Unfortunately, he doesn't do that; but then, neither do we. The Sam I Ams of the world demand control of our eating habits, and we don't even take out a restraining order, let alone actually fight back. A relatively small group of emaciated curd-eaters has got the robust, carnivorous American majority bullied, to the point that we'll eat their green goo, in hopes that they'll be satisfied and leave us in peace. Well, they won't.
Speaker of the House Nancy Pelosi has decided that her congressional colleagues aren't eating right, so she's forced the House cafeteria to expunge from its menu those foods for which there's a strong consumer demand. In particular, red meat has been all but eradicated, and replaced with such items as mahi-mahi, couscous, and probably Boutros Boutros before much longer. A lot of the other representatives and their staffers are unhappy with the changes, but who cares what they think? They're just the consumers.
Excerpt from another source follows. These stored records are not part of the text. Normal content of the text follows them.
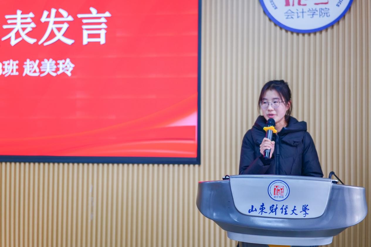 获奖学生代表赵美玲在发言中向学校与山东大地公益慈善基金会致以诚挚的谢意。她分享了自己的学习与生活经历,坦言奖助学金不仅有效缓解了家庭的经济压力,更让她真切感受到社会各界的关怀与扶持。这份温暖的力量将会激励着她在今后的求学路上奋发进取,以优异的成绩回馈社会,让这份爱心接力传递。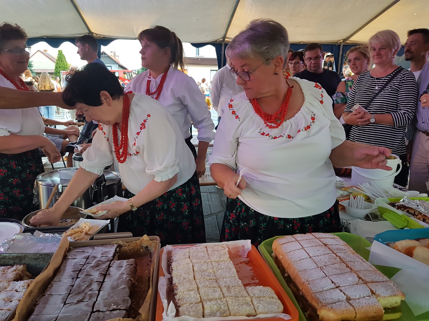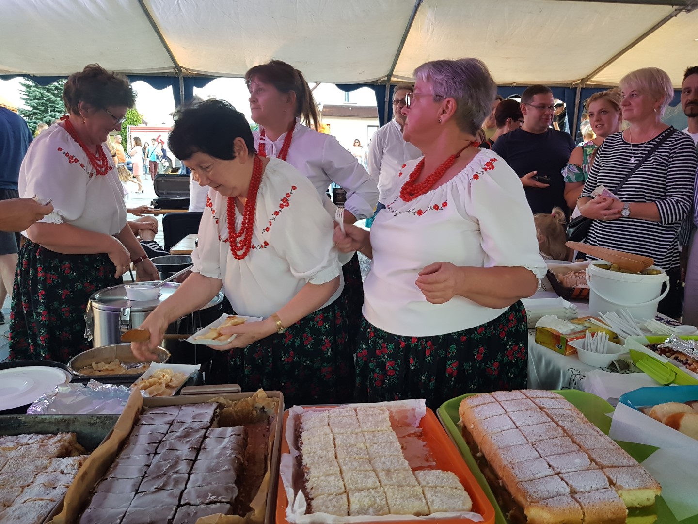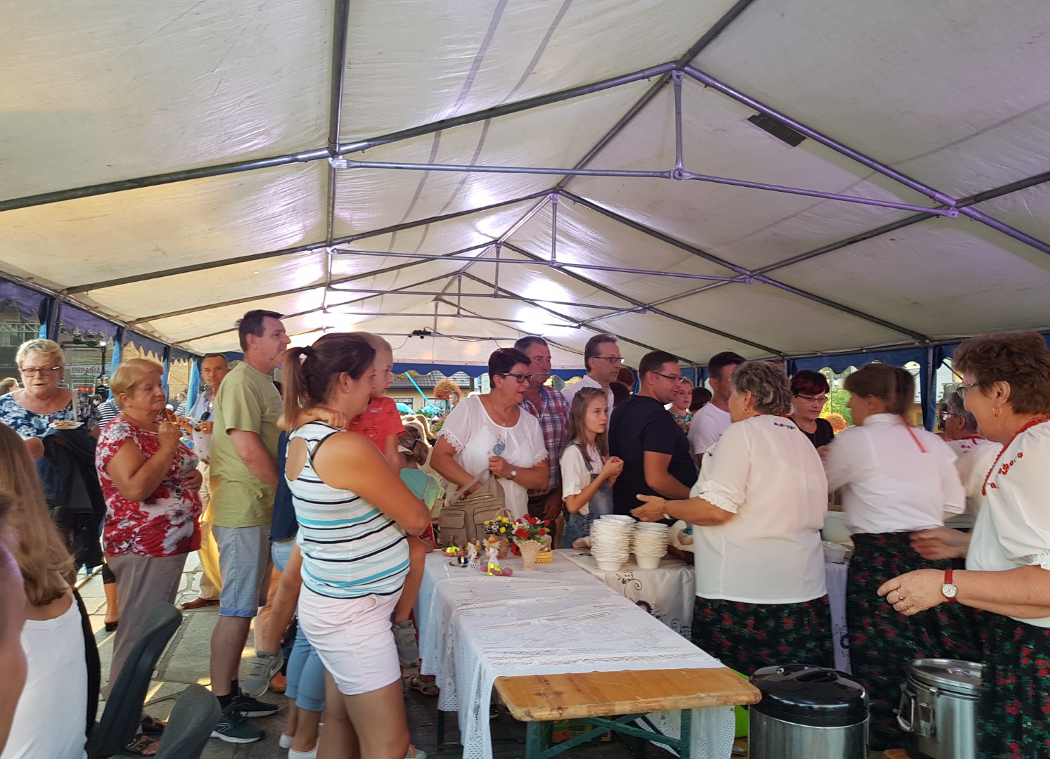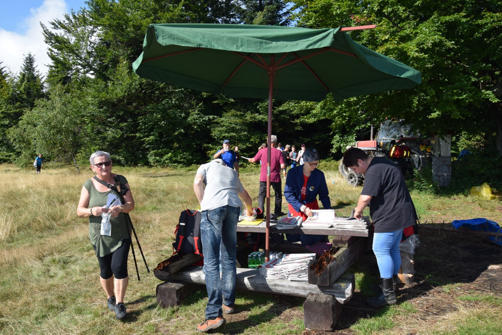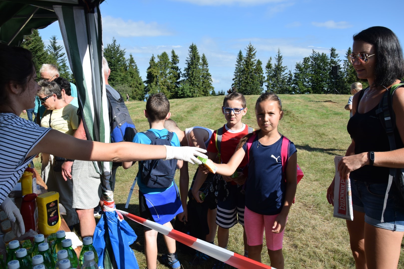 Druhowie z jednostek OSP w Dobrej i Tymbarku, Panie z Koła Gospodyń Wiejskich w Tymbarku i pracownicy Urzędu Gminy w Dobrej, częstowali turystów kiełbaskami z grilla, napojami i soczkami ufundowanymi przez Firmę Tymbark.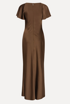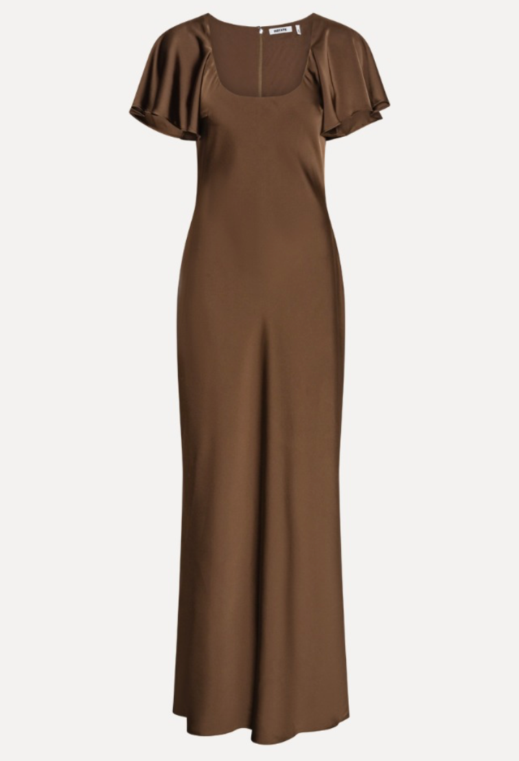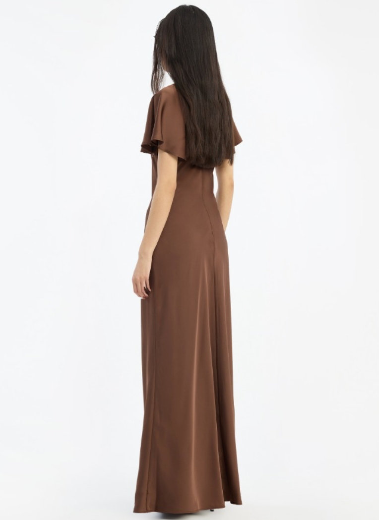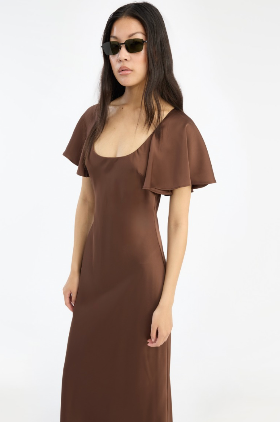 Satin flowy sleeve dress in soil (dark brown) is a floor-length dress with a square neckline and short, flowy sleeves. The silhouette is lightly fitted and falls smoothly along the body for a clean and elegant look.

If there's a cafeteria where you work, you're probably going through a similar experience, or else you soon will be. In the name of "wellness," employers are phasing out all menu items that are recognizably edible. That's because few people will resign themselves to eating bear barf on balsa wood, when cheeseburgers and fries are just as readily available.
When you resist these efforts, you can count on the Sons of Sam I Am to start nagging, "Have you ever triiiiiiiied bear barf?" If you accept this "don't knock it 'til you've tried it" argument, you will have fallen right into their trap, because you'll have accepted the premise that you do not have the right to unilaterally determine the contents of your own stomach. Instead, you'll have established yourself as the weaker of two parties in a negotiation.
So, what's the big deal, you may wonder. If people don't want to eat petting zoo food, let them go somewhere else for lunch. The free market will solve the problem as usual, right?
As long as we truly have a free market, the answer is yes. The problem is that the Sons of Sam I Am know this, and they have powerful weapons with which to combat these market forces. In New York, for example, they've passed a ban on trans fats in that city's restaurants, which must be in compliance by July 2008 or begin paying substantial fines. Several states have considered levying punitive taxes on foods they consider to be unhealthful. Elsewhere, the Sons of Sam I Am are filing nuisance lawsuits against fast-food restaurants, holding them responsible for their plaintiffs' obesity.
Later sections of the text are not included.